Humor

How to Create “Atmosphere” Around a Back-lit Tree

11.30.11 | Comment Below

I like to peruse the galleries and postings of several Internet forums to admire photographs, see how other photographers approach a subject, and gain general knowledge of techniques as well as inspiration when going out on my own.

Yesterday I came across an original and truly unique way to create “atmosphere” when photographing a back-lit tree. Often we rely on lingering fog or heavy morning mist to provide something that sunlight will hit to produce the ethereal look we’re after. But what is a photographer to do if there is no fog, if the humidity is low, or if there simply is nothing in the atmosphere to reflect sunlight?

One ingenious photographer found a novel solution.
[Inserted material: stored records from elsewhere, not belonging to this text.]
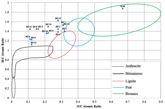 Van Krevelen diagram of the waste Stevia rebaudiana (WS) and hydrochars (HC1–HC15) produced via hydrothermal carbonization using acrylic acid as a catalyst at 185, 215, 245, and 275 °C, under varying reaction times (30, 60, and 90 min) and catalyst.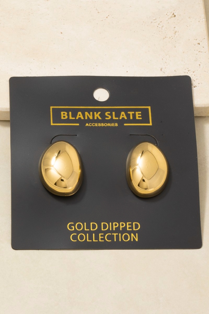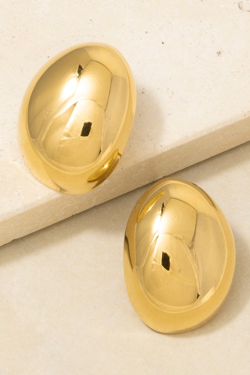 - This pair of stud earrings introduces a stunning gold dipped chunky oval dome style. Experience a burst of creativity in accessorizing as this piece effortlessly sets the tone for your unique style.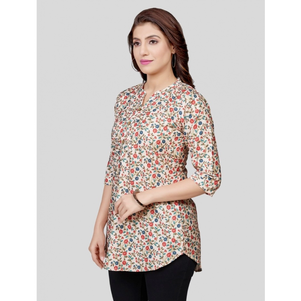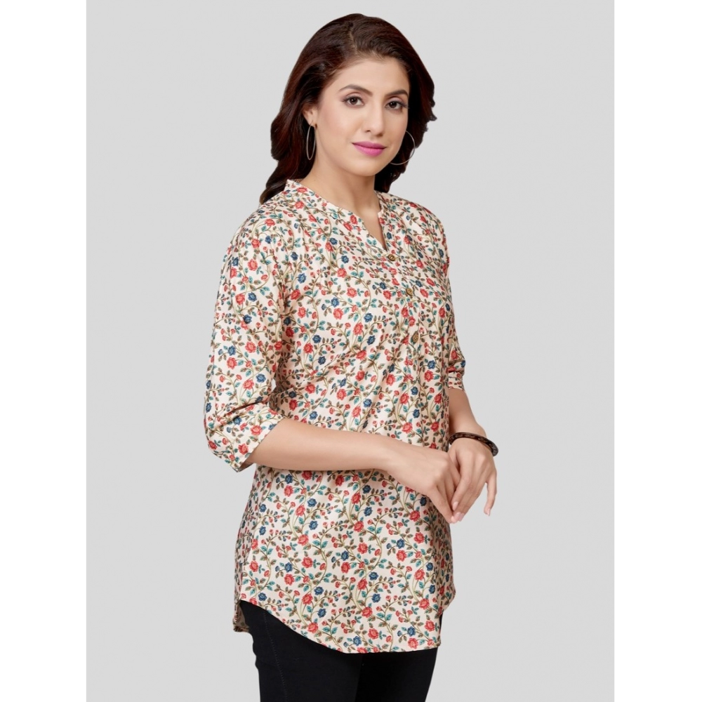 Women’s PolyCrepe Mandarin Collar 3/4 Sleeves Short Top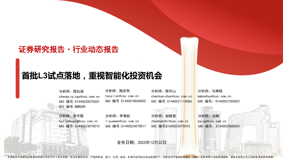 【中信建投证券】【202412】汽车行业:首批L3试点落地,重视智能化投资机会-30页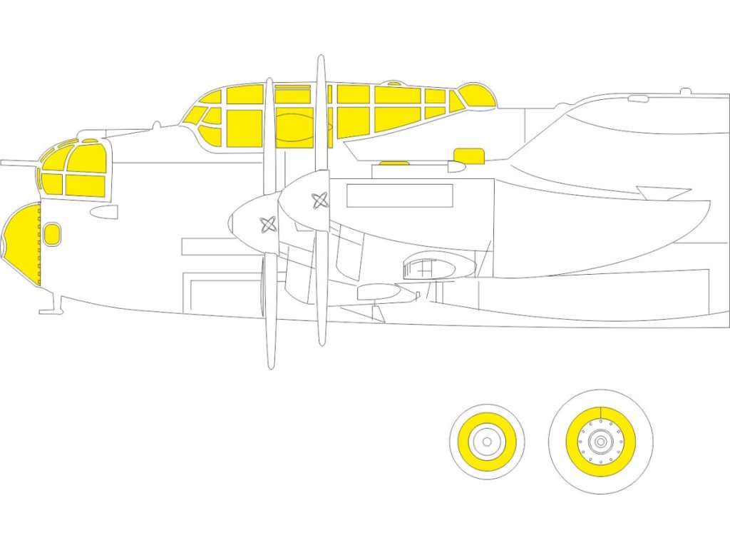 Jednostronna maska samoprzylepna na przezroczyste części i koła podwozia do zestawu Curtiss Tomahawk Mk.II w skali 1/48 firmy Airfix. Numer...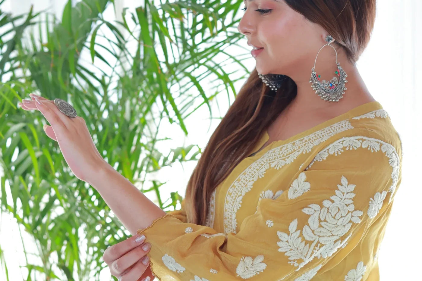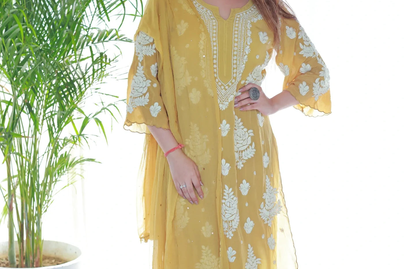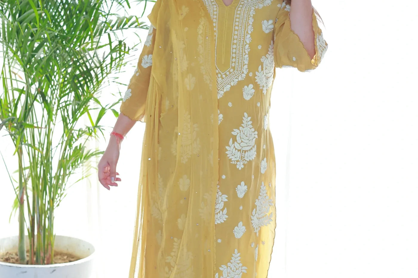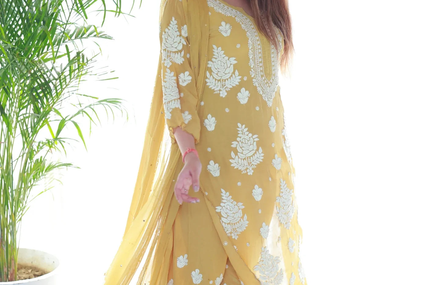 Aafreen Mustard Brown Crepe Suit Set With Mukesh Dupatta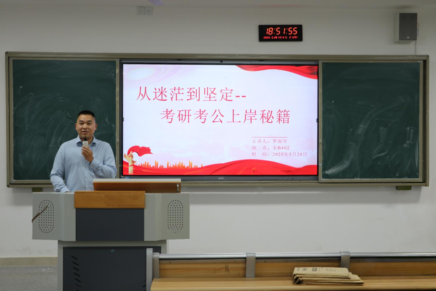 为帮助学生明晰升学与就业方向,提升备考效率,beat365官网于5月28日在莲湖东区B402举办以“从迷茫到坚定—考研考公上岸秘籍”为主题的考研考公辅导讲座,本次活动聚焦考研、考公、大热点领域,beat365官网孟威老师主持,罗海军博士主讲,beat365官网大三全体同学到场聆听。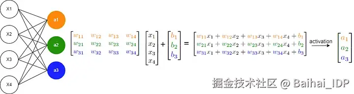 接下来,让我们聚焦于一个基础的神经网络模型,其核心运算通常表现为 y = σ(Wx + b),如下图所示: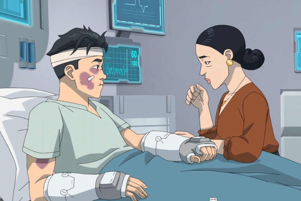 First off, you need to have some context on how Mark got his robot limbs. Going back to the seventh episode of Invincible Season 3, you can recall that the world has just been fresh out of the attack from Angstrom Levy and the Invincible variants.

Get a battery-powered leaf blower and the largest sack of flour you can carry, go behind the tree you want to envelop in dazzling sun beams, and use the leaf blower to spray the flour as high as possible to create a “flour fog” around the tree. This will definitely give the sunlight something to strike in the atmosphere, and when you quickly run around to the other side of the tree where you had previously set up your camera (flour is denser than mist, so you have to work relatively fast), the tree will be surrounded by an atmosphere like nothing you’ve seen before.

If the settling flour starts to coat some of the adjacent plants and create a white film, a backpack sprayer filled with water can quickly clean the plants sufficiently to remove the “snow in summer” effects caused by the flour.

This technique is best applied on a calm day. Whether you want to try this in a national or local park or other location where numbers of people pass by is debatable. It has not yet been proven, but I strongly suspect that park administrators will be less impressed with your ingenuity than with the mess that it will cause. You could try arguing that flour is a food source for little critters, but most places frown on visitors feeding the wildlife.

Still, for sheer originality, you’ve got to hand it to the photographer who first thought “What if…” when walking down the aisle of a grocery store.